Once your license is uploaded, you’ll have to configure the basic settings for your internal network, specifically the portion of the network that will be tied to your admin NIC. You can change the IP for the firewall and set a netmask. If you want the UTM to handle DHCP on this interface, click the check box and then set your desired range. It will end up looking similar to the screenshot on the right.
Next, you will establish your WAN interface for the UTM. For most home connections, you will select DHCP for “Address type.” As the page mentions, if you are on DSL instead of cable, you may have to add a username and password. If you have more than one spare NIC (and they all happen to be of the same make/model), this step may take some guess and check which is another reason I recommended keeping the box in an accessible area during the setup process. If you don’t want to set up your Internet-facing NIC now, or you’re using this build completely internally, click the “Setup Internet connection later” box and move onto the next step. Additional NIC interfaces can be established under the “Interfaces” section of the Dashboard.
On the “Allowed Services” page, you are presented with options that will automatically add rules to the firewall once setup is completed. I use my “admin” network for very specific purposes, so I limit outbound traffic for that particular network segment. If you do not plan to maintain multiple networks on multiple NICs or VLANs, select whatever you’d like. Before you proceed, I would recommend deselecting both of the “Ping Settings” options for security reasons.
The next page is very straightforward. If you would like to make use of the UTM’s Intrusion Prevention engine and/or the Botnet Detection engine, select one or both items. I found that on my older machine (only 1 GB of RAM), these services were fairly taxing. On the new-ish machine (4 GB of RAM) however, I have not had any resource problems. They can always be enabled or disabled from the WebAdmin interface at a later time if there are any concerns one way or the other.
“Web Protection Settings” allows you to filter certain web-specific traffic based on content categories as well as scan downloads for viruses. This is another resource-intensive service, but it is fairly effective. If you have household members whom you would like to protect from the ravages of the Internet, feel free to select the appropriate categories.

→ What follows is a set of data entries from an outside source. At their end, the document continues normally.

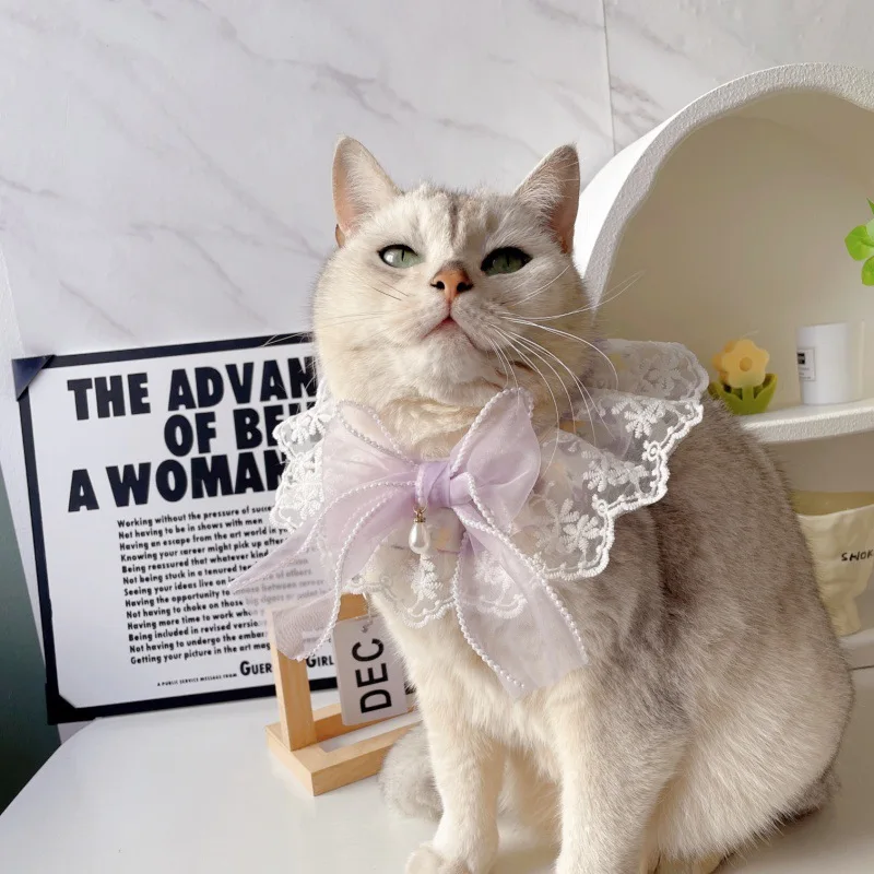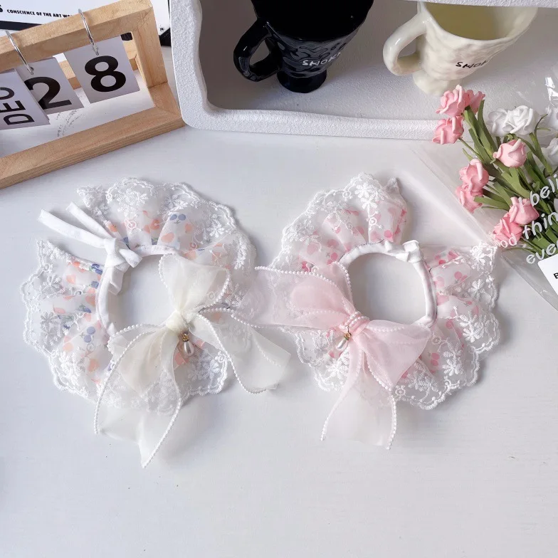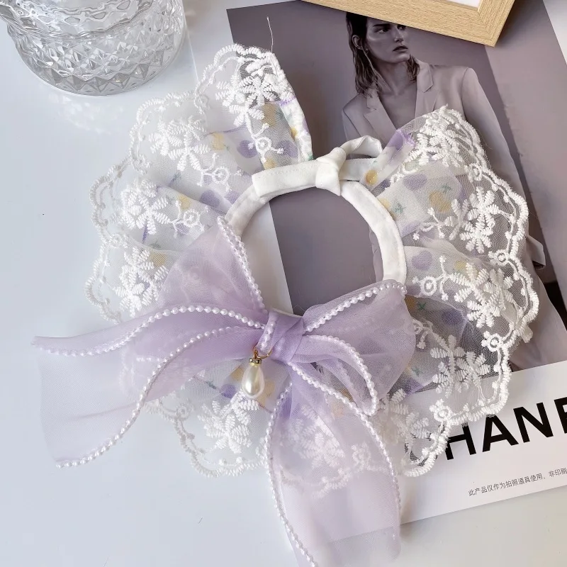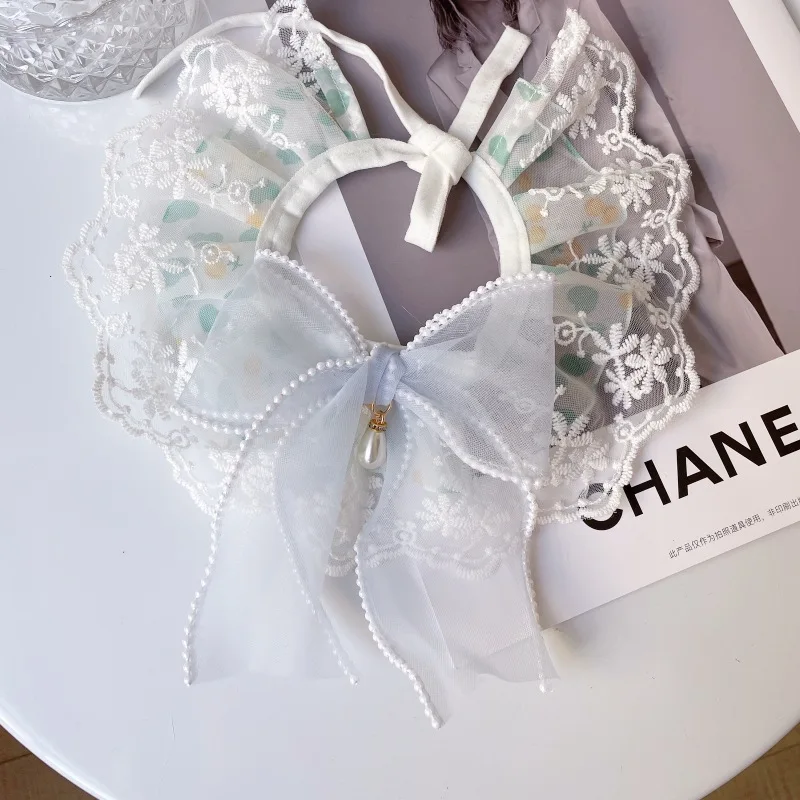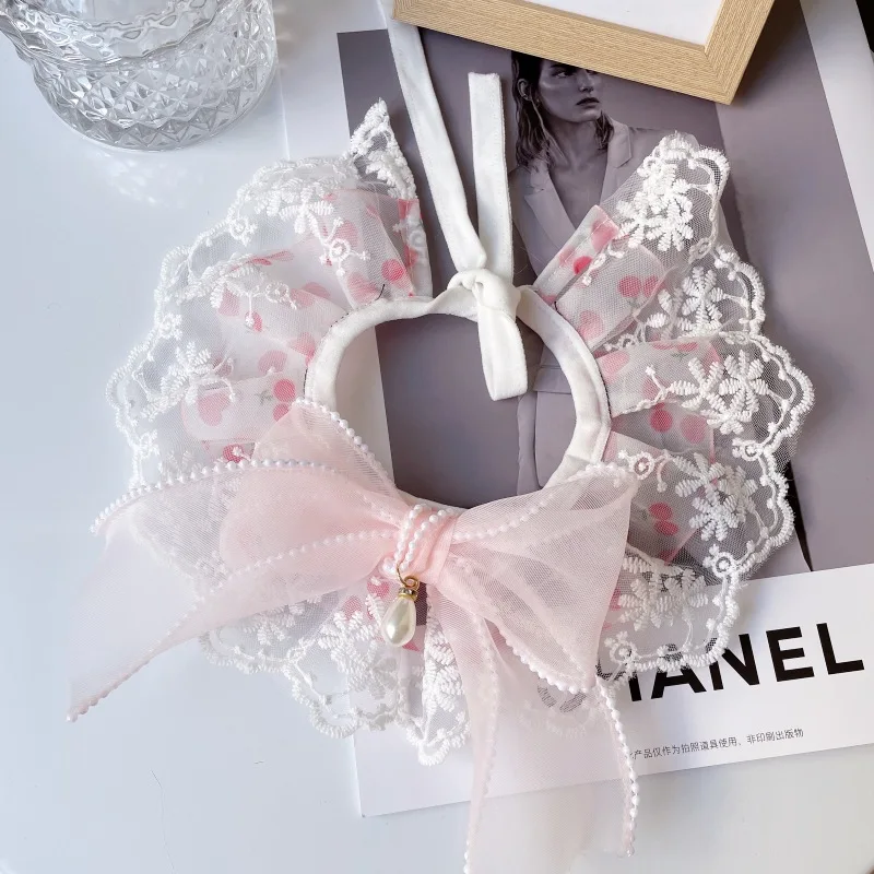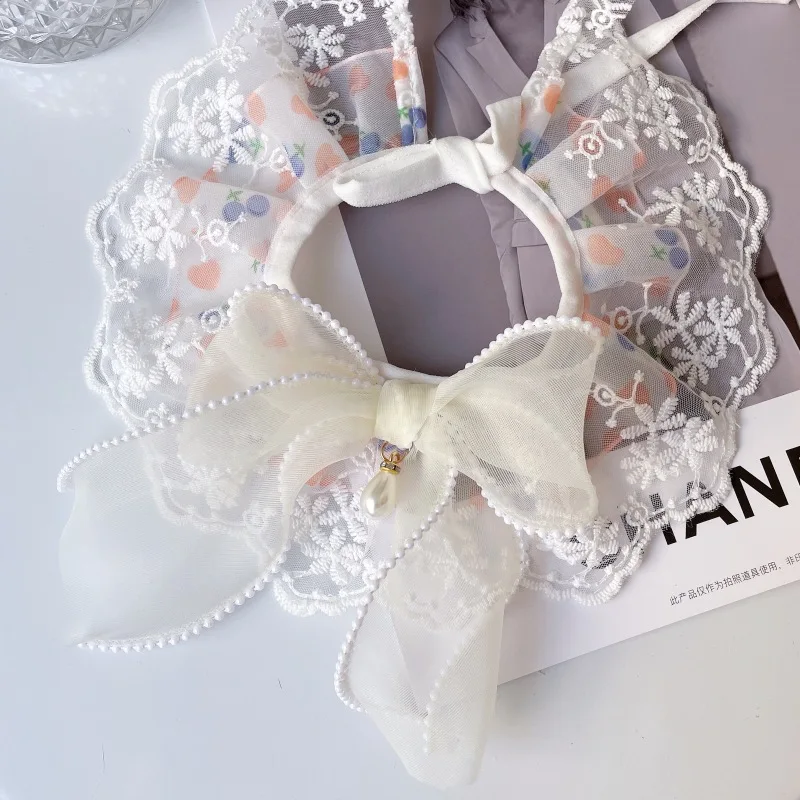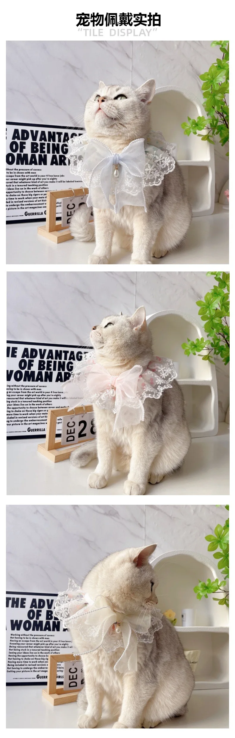Pet primavera y verano pequeño lazo Floral babero para mascotas estilo de hadas encaje gato cuello bucle perro verano transpirable babero toalla
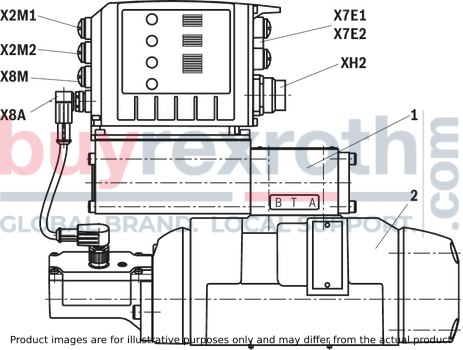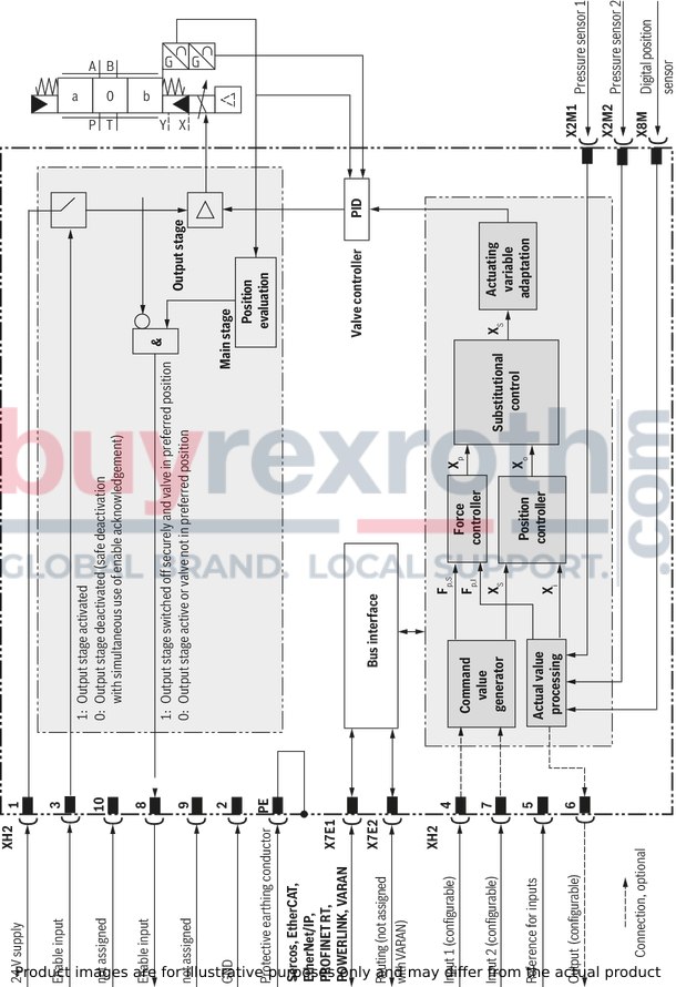 Pilot control valve (1) with control spool and sleeve in servo quality Main stage (2) with centering springs and position feedback Integrated digital axis controller (3) with: analog/digital interface (XH2) Ethernet interfaces (X7E1, X7E2) analog sensor interfaces (X2M1, X2M2) digital sensor interface (X8M) Interface for the position transducer of the main stage (X8A)
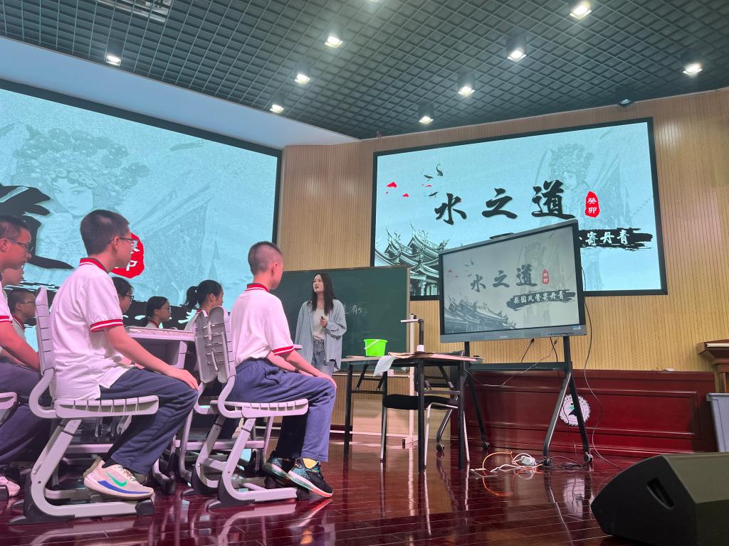 调研组与美术学院实习指导师团队参加了第十三期溯初实验班学员叶佳慧同学的实习汇报展示课《水之道》的评课活动,叶佳慧以戏曲水袖为切入点,用水墨拓染的方式展现水之舞,在观察比较互动创作中呈现了一节精彩纷呈的水墨丹青课。本课最可贵的创新点是跳出教材的局限,凸显核心素养,紧扣课程标准,将音乐、美术、传统文化等丰富的课程资源自然融合,水之道的主题一以贯之,在教师的启发下学生的审美和创作意识被唤醒,并逐步扩展到更高层次的美的意境。
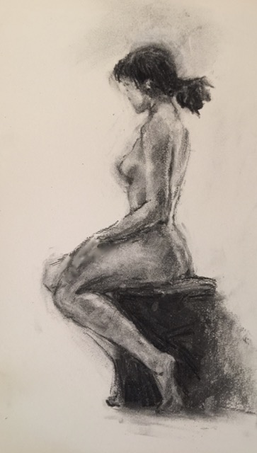 Seated Nude - charcoal drawing of a nude model
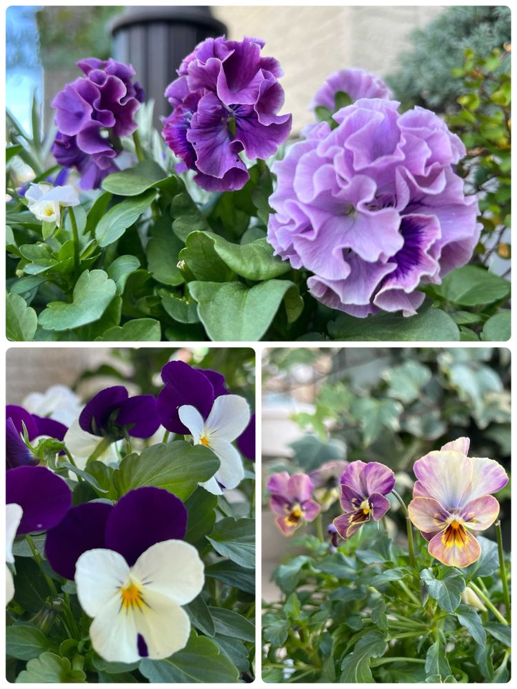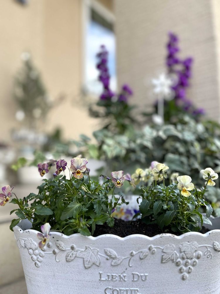 玄関先の可愛いパンジービオラ💜🤍💛

These settings can also be altered later (or added to/removed from additional networks) from the WebAdmin interface. I should note that I have had some issues with block admin interfaces on certain networks where web protection is enabled (ie: blocking access to the WebAdmin page on a Guest Wireless network when web filtering is enabled). Use these at your own discretion.
The final settings page is for enabling Email Protection services. If you choose to set up an internal mail server and wish to scan POP3 traffic, this is where the initial configuration will take place. I do not make use of this particular service, so there is not much I can say about it, unfortunately.
The final page is just a summary of your chosen services and settings. Clicking “Finish” will complete the process and drop you back on the WebAdmin login page.
Now, whenever you login into WebAdmin, you will be presented with the Sophos UTM Dashboard. This screen is a quick snapshot on the status on your device, its configuration, and all of the available interfaces. You may have to reset your modem before your WAN interface will work properly.